In a statement Saturday evening, Bayer said the deal with Monsanto brings together a robust portfolio to offer more choices for farmers. The company also said there are hundreds of companies competing for farmers’ business.
The consolidation in corporate agriculture is playing out as U.S. growers in recent decades swallowed up acreage to survive a harsh downturn in crop prices, squeezing smaller operations in the process. Ms. Warren has argued that big agriculture buyers and sellers make it even harder for owners of smaller farms to get by.
“Small and even medium-sized farms get caught between the giants…that determine the price that the farmers are going to have to pay for seed,” Ms. Warren told reporters Friday. “On the other end, there may be only one or two buyers for farmers’ product, and so profits get sucked out in the other direction.”

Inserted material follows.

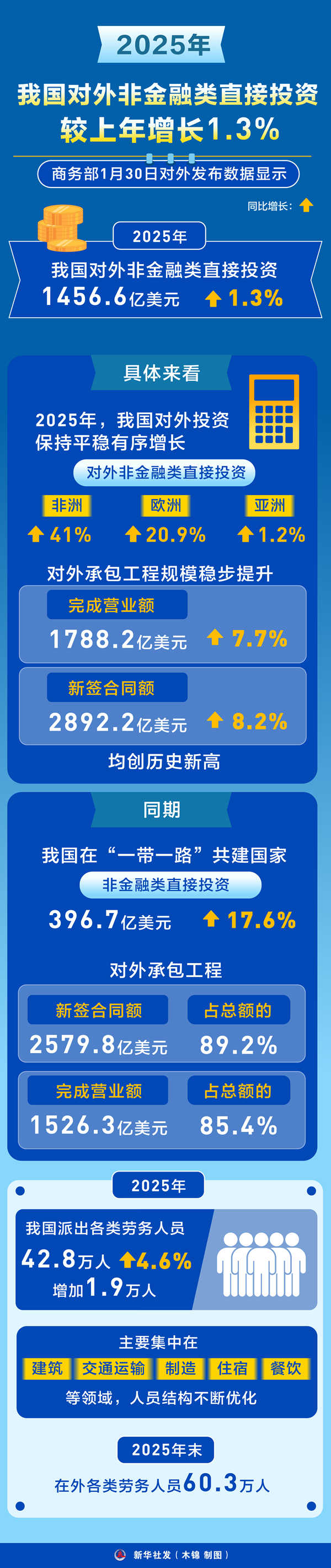 新華社北京1月30日電(記者 謝?,帲┥虅?wù)部30日對外發(fā)布數(shù)據(jù)顯示,2025年,我國對外非金融類直接投資1456.6億美元,較上年增長1.3%。

That message has resonated in the nation’s heartland, where many farmers say trends in the industry are pushing farms to merge or fold.
“Extracting wealth, taking opportunities out of rural regions. That’s what this consolidation has done to us,” said Wes Shoemyer, a Missouri farmer and board member of Family Farm Action, a progressive nonprofit, at a different event in Storm Lake on Saturday.
President Trump appeared to back the Monsanto-Bayer deal after executives assured him the postmerger company would invest in the U.S. and maintain American jobs.
Mr. Trump has said his trade policies will boost farmers’ incomes, but some say they are feeling the pinch from his broad trade campaign against China and Beijing’s retaliation against American crops and meat. “The farmers love me. They voted for me,” he said last year in Iowa, a state he flipped into the GOP column in 2016. President Obama won the state twice.
Beyond agriculture, Democratic candidates and progressive voters have taken aim at large financial-services firms and tech giants.
Ms. Warren has also proposed breaking up Facebook Inc., Amazon.com Inc. and Alphabet Inc.’s Google. Vermont Sen. Bernie Sanders, another presidential hopeful, has long called for breaking up the largest U.S. banks — something other candidates also support.
Officials within the Justice Department’s antitrust division and the independent Federal Trade Commission are tasked with enforcing U.S. antitrust law.
Assistant Attorney General Makan Delrahim, Mr. Trump’s appointee who runs the antitrust division, said at a conference Friday in Washington that antitrust proposals by presidential candidates are generally misguided, without naming specific candidates or policies. He said regulators must stake out firm positions based on legal arguments, adding that officials in his agency “can’t just walk into court and say company X should be broken up because it’s too big.”
A Justice Department spokesman said that the department is aware of the Democratic proposals but declined to comment on them.